*** Opening Data supplied ***

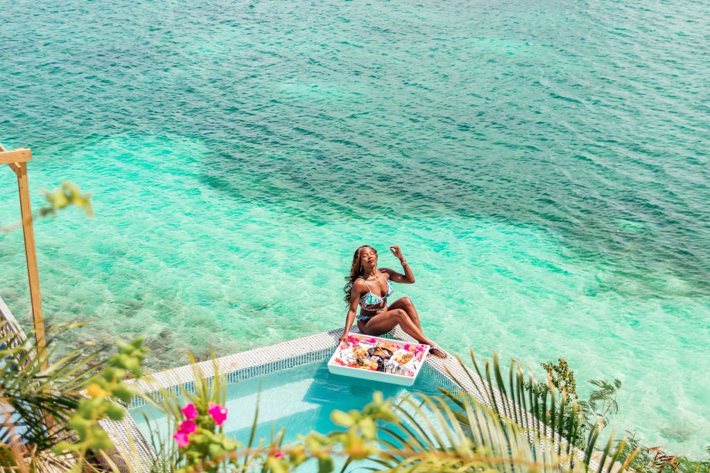 We booked the Azure Private Pool Suite which offered the most dramatic ocean views, a private balcony with hammock, private plunge pool, outdoor double ended slipper tub, and chairs. We also had a complimentary signature arrival airport pickup. Don’t miss out on the romantic package deal offered by the hotel which included Floating Breakfast or Tapas in the Black Rock, Romance or your private Room Pool, Couple’s Spa Treatment and Romantic Private Dinner.
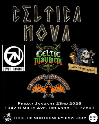 Titans of the Renaissance Faire getting together for a rocking show!Montgomery Drive Presents Celtic NovaSeven NationsCeltic MayhemLuku The Mad SkaldPinwheel Sideshow Friday, January 23rd, 2026Wills Pub- Orlando, FL7PM Doors
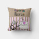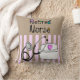 Unique Nurse Retirement Pillow, nurse cap, stethoscope with pink polka dots and stripes on a light brown background. Back of pillow in coordinating colours.
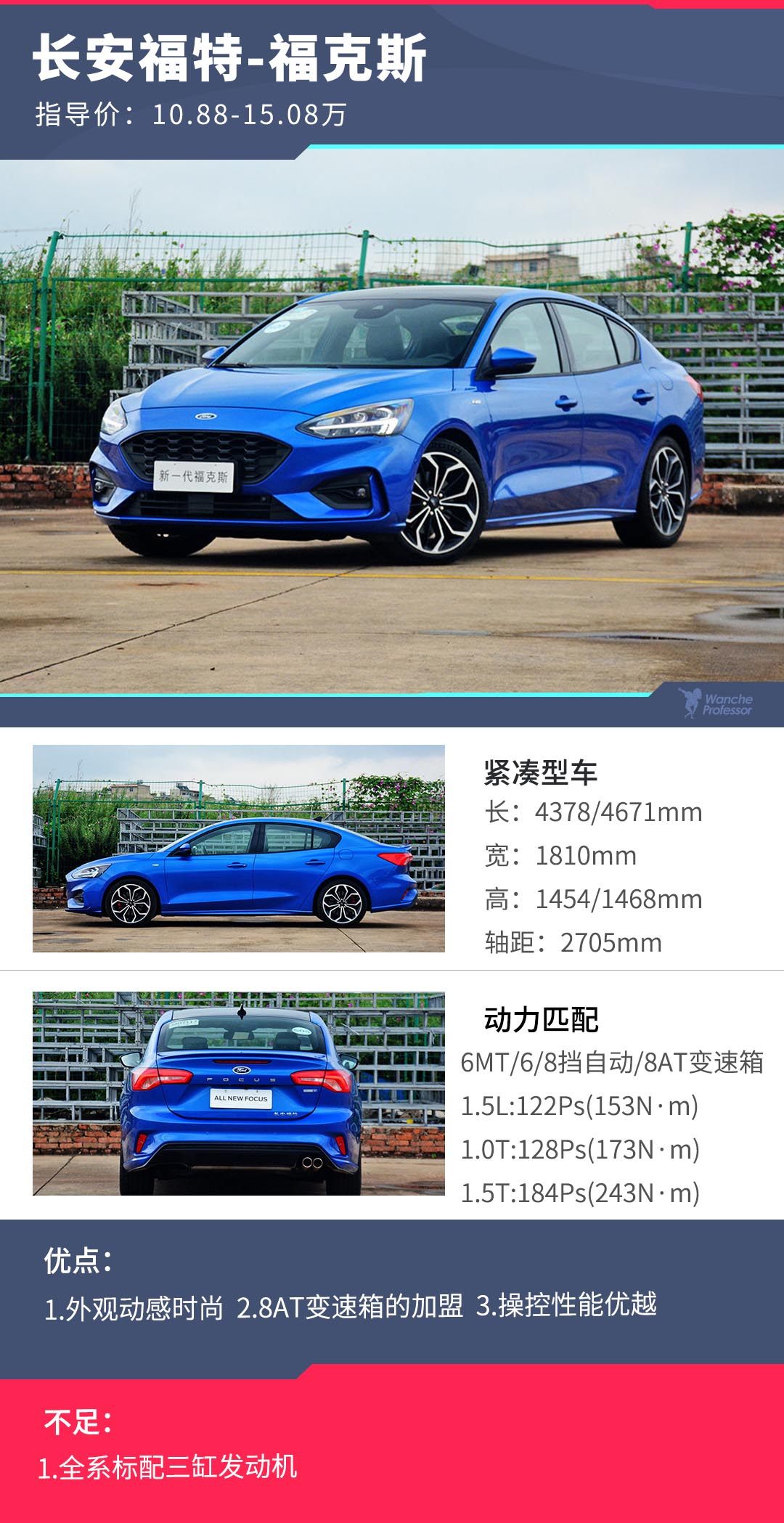 作为三者中资历最老的福克斯正式完成了换代上市任务,官方指导价为10.88-15.08万:按照惯例推出两厢和三厢两个版本,并在各自的基础上再细分出7款配置,总数有14款车型可供消费者选择,此外还顺应潮流推出国六发动机和首次在福克斯上现身的ST-Line运动外观套件。不过全系标配三缸发动机还没登场便将新福克斯推向了舆论的风口浪尖。争议与赞美并存的新福克斯究竟表现如何?
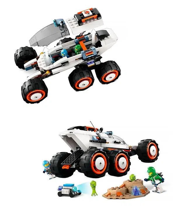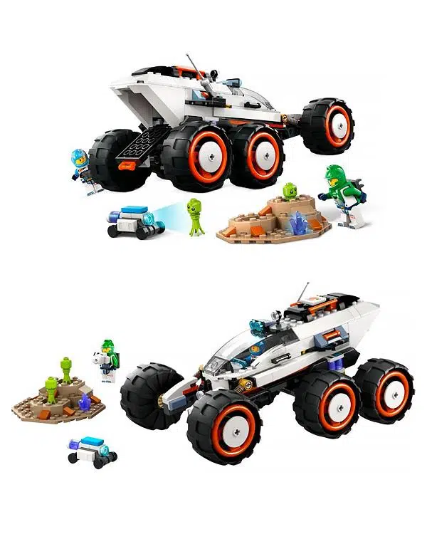 Lego City Uzay Kaşifi ve Uzaylı Yaşam setiyle yeni dünyaları keşfetmek çocuk oyuncağı haline geliyor. Sağlam keşif aracı, kayalık arazide ilerlemek için 6 büyük lastik ve süspansiyonla donatılmıştır. Çocuklar mürettebatla birlikte gezegenin yüzeyinin haritasını çıkarabilir ve buhar püskürten tuhaf gayzerleri ve uzaylı yaratıkları keşfedebilir. Lego City uzay oyun setleri, sonsuz eğlence için fanteziyi ve gerçekliği birleştiren gerçekçi araçlar, ayrıntılı binalar ve ilham verici karakterler içerir.
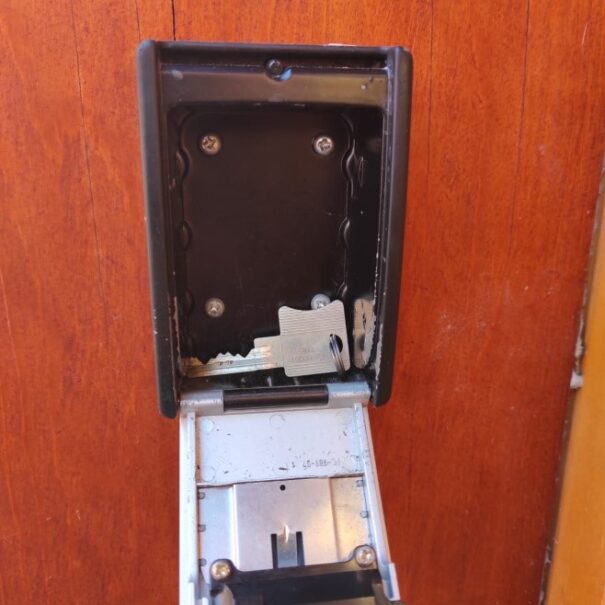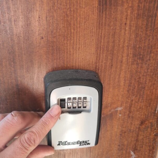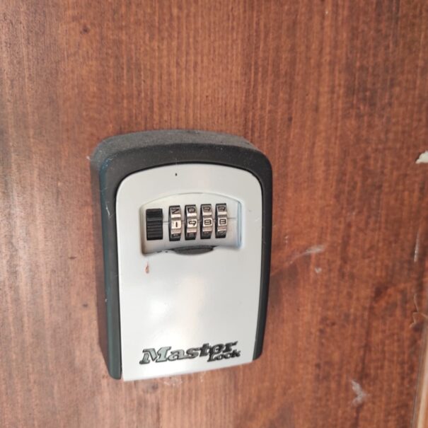 3. Prendre la clé pour ouvrir ou fermer, puis la remettre dans le boitier et mélanger les chiffres.Depuis l’intérieur il est possible de verrouiller la porte en soulevant la poignée et en tournant le loquet.
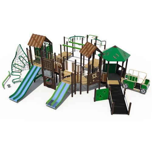 Little campers will scramble up the Boulder or Treehouse Climb before zipping down one of the slides on the Goldstream nature-inspired playground. Wood-look slats create the feel of a treehouse or fort.
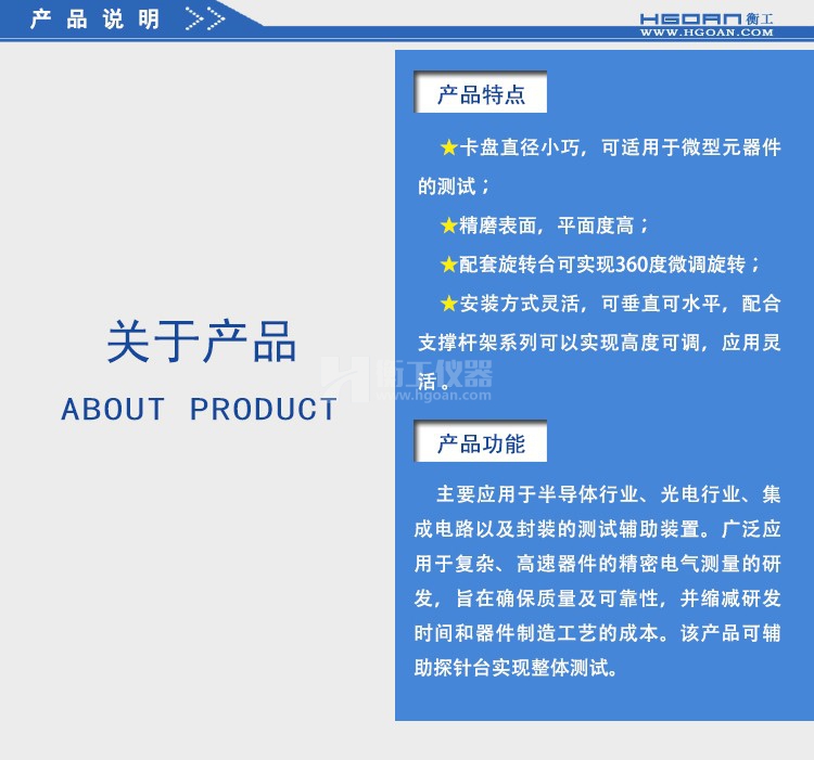 HGXP20卡盤直徑小巧,適用于微型元器件的測試,,精磨表面,平面度高。配套旋轉臺可實現(xiàn)360°微調(diào)旋轉。

*** Closing Data supplied ***

● What the task asks
From the records above, output only the lines starting at the one containing "Unique Nurse Retirement" and ending at the one containing "作为三者中资历最老的福克斯正", word for word. Pictures stay out.

● Response area
 Unique Nurse Retirement Pillow, nurse cap, stethoscope with pink polka dots and stripes on a light brown background. Back of pillow in coordinating colours.
 作为三者中资历最老的福克斯正式完成了换代上市任务,官方指导价为10.88-15.08万:按照惯例推出两厢和三厢两个版本,并在各自的基础上再细分出7款配置,总数有14款车型可供消费者选择,此外还顺应潮流推出国六发动机和首次在福克斯上现身的ST-Line运动外观套件。不过全系标配三缸发动机还没登场便将新福克斯推向了舆论的风口浪尖。争议与赞美并存的新福克斯究竟表现如何?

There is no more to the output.